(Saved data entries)
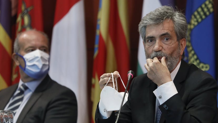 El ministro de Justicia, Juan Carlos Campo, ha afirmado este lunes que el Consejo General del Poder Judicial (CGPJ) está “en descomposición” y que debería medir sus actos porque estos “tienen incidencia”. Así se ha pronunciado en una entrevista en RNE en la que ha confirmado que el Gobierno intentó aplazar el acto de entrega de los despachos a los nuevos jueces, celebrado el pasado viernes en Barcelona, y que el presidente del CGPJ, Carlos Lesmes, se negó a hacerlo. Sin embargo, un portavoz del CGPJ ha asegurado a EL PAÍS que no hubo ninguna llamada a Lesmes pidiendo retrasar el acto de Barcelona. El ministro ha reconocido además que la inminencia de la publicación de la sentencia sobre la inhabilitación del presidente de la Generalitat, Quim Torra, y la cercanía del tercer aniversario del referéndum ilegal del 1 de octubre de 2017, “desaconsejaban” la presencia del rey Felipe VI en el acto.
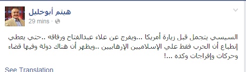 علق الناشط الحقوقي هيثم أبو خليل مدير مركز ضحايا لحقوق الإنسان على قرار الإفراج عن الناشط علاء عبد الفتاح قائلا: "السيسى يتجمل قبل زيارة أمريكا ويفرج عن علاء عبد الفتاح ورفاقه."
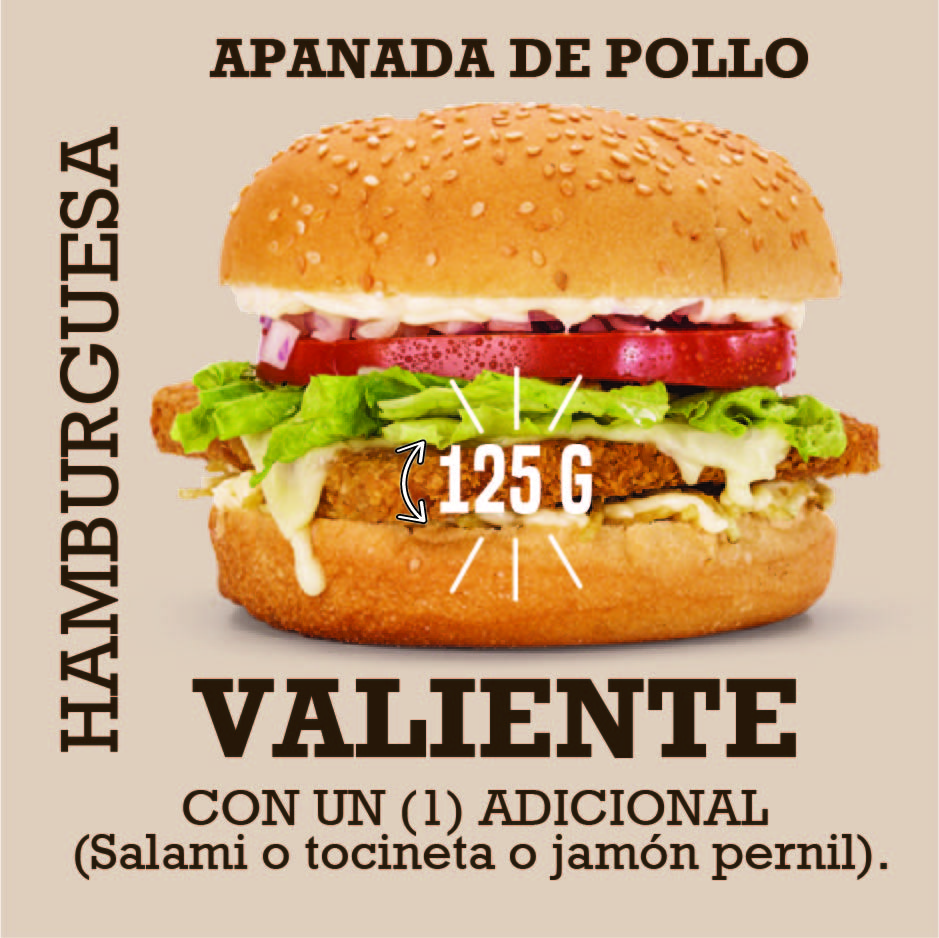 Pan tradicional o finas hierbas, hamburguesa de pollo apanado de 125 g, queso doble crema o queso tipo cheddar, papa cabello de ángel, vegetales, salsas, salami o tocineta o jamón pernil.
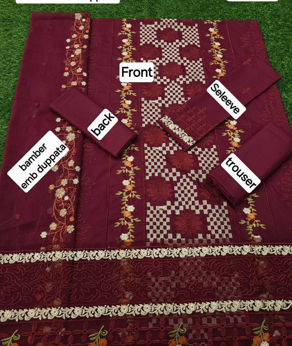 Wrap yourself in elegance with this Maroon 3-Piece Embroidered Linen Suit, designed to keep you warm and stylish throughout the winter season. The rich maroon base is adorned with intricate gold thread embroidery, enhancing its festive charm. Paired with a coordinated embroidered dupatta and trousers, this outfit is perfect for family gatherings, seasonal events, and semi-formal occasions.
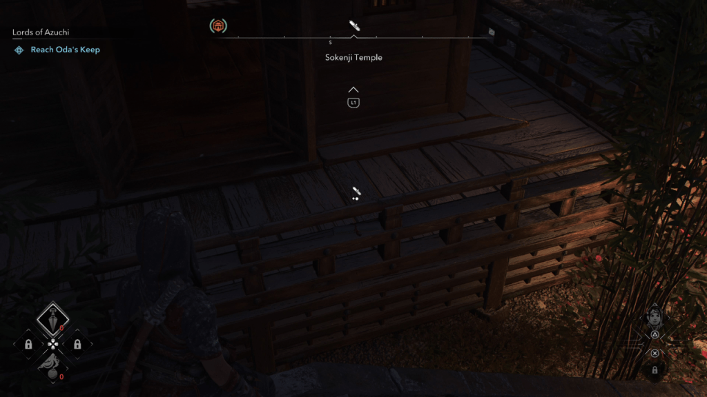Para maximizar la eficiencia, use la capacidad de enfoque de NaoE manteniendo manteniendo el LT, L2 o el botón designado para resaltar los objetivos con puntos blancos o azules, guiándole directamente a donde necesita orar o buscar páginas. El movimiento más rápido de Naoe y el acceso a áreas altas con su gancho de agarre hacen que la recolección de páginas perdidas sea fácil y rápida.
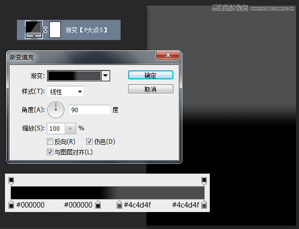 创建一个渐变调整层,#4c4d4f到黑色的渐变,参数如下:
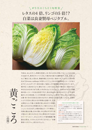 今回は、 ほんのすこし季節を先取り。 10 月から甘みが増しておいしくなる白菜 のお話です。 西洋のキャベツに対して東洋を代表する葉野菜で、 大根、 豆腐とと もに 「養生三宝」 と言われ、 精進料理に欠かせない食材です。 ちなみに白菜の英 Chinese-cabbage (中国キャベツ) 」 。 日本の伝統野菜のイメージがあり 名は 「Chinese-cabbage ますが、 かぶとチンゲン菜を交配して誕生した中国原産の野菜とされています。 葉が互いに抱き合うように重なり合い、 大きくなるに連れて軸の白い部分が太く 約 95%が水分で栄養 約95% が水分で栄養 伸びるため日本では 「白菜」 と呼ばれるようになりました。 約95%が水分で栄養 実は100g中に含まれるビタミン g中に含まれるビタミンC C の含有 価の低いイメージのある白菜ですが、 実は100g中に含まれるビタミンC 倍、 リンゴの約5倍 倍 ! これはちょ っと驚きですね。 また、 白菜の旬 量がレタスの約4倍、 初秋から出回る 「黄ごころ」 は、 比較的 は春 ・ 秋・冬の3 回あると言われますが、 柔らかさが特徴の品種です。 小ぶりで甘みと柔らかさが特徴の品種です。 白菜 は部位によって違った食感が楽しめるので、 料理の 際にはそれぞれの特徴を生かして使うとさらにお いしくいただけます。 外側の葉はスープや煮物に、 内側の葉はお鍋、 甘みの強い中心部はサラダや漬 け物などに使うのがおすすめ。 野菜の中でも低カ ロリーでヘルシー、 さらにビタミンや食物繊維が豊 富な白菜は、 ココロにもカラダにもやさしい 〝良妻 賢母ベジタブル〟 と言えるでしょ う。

● **Work instructions**
Your answer must be an exact copy of the records above, with every picture left out.

● **Response area**
 El ministro de Justicia, Juan Carlos Campo, ha afirmado este lunes que el Consejo General del Poder Judicial (CGPJ) está “en descomposición” y que debería medir sus actos porque estos “tienen incidencia”. Así se ha pronunciado en una entrevista en RNE en la que ha confirmado que el Gobierno intentó aplazar el acto de entrega de los despachos a los nuevos jueces, celebrado el pasado viernes en Barcelona, y que el presidente del CGPJ, Carlos Lesmes, se negó a hacerlo. Sin embargo, un portavoz del CGPJ ha asegurado a EL PAÍS que no hubo ninguna llamada a Lesmes pidiendo retrasar el acto de Barcelona. El ministro ha reconocido además que la inminencia de la publicación de la sentencia sobre la inhabilitación del presidente de la Generalitat, Quim Torra, y la cercanía del tercer aniversario del referéndum ilegal del 1 de octubre de 2017, “desaconsejaban” la presencia del rey Felipe VI en el acto.
 علق الناشط الحقوقي هيثم أبو خليل مدير مركز ضحايا لحقوق الإنسان على قرار الإفراج عن الناشط علاء عبد الفتاح قائلا: "السيسى يتجمل قبل زيارة أمريكا ويفرج عن علاء عبد الفتاح ورفاقه."
 Pan tradicional o finas hierbas, hamburguesa de pollo apanado de 125 g, queso doble crema o queso tipo cheddar, papa cabello de ángel, vegetales, salsas, salami o tocineta o jamón pernil.
 Wrap yourself in elegance with this Maroon 3-Piece Embroidered Linen Suit, designed to keep you warm and stylish throughout the winter season. The rich maroon base is adorned with intricate gold thread embroidery, enhancing its festive charm. Paired with a coordinated embroidered dupatta and trousers, this outfit is perfect for family gatherings, seasonal events, and semi-formal occasions.
Para maximizar la eficiencia, use la capacidad de enfoque de NaoE manteniendo manteniendo el LT, L2 o el botón designado para resaltar los objetivos con puntos blancos o azules, guiándole directamente a donde necesita orar o buscar páginas. El movimiento más rápido de Naoe y el acceso a áreas altas con su gancho de agarre hacen que la recolección de páginas perdidas sea fácil y rápida.
 创建一个渐变调整层,#4c4d4f到黑色的渐变,参数如下:
 今回は、 ほんのすこし季節を先取り。 10 月から甘みが増しておいしくなる白菜 のお話です。 西洋のキャベツに対して東洋を代表する葉野菜で、 大根、 豆腐とと もに 「養生三宝」 と言われ、 精進料理に欠かせない食材です。 ちなみに白菜の英 Chinese-cabbage (中国キャベツ) 」 。 日本の伝統野菜のイメージがあり 名は 「Chinese-cabbage ますが、 かぶとチンゲン菜を交配して誕生した中国原産の野菜とされています。 葉が互いに抱き合うように重なり合い、 大きくなるに連れて軸の白い部分が太く 約 95%が水分で栄養 約95% が水分で栄養 伸びるため日本では 「白菜」 と呼ばれるようになりました。 約95%が水分で栄養 実は100g中に含まれるビタミン g中に含まれるビタミンC C の含有 価の低いイメージのある白菜ですが、 実は100g中に含まれるビタミンC 倍、 リンゴの約5倍 倍 ! これはちょ っと驚きですね。 また、 白菜の旬 量がレタスの約4倍、 初秋から出回る 「黄ごころ」 は、 比較的 は春 ・ 秋・冬の3 回あると言われますが、 柔らかさが特徴の品種です。 小ぶりで甘みと柔らかさが特徴の品種です。 白菜 は部位によって違った食感が楽しめるので、 料理の 際にはそれぞれの特徴を生かして使うとさらにお いしくいただけます。 外側の葉はスープや煮物に、 内側の葉はお鍋、 甘みの強い中心部はサラダや漬 け物などに使うのがおすすめ。 野菜の中でも低カ ロリーでヘルシー、 さらにビタミンや食物繊維が豊 富な白菜は、 ココロにもカラダにもやさしい 〝良妻 賢母ベジタブル〟 と言えるでしょ う。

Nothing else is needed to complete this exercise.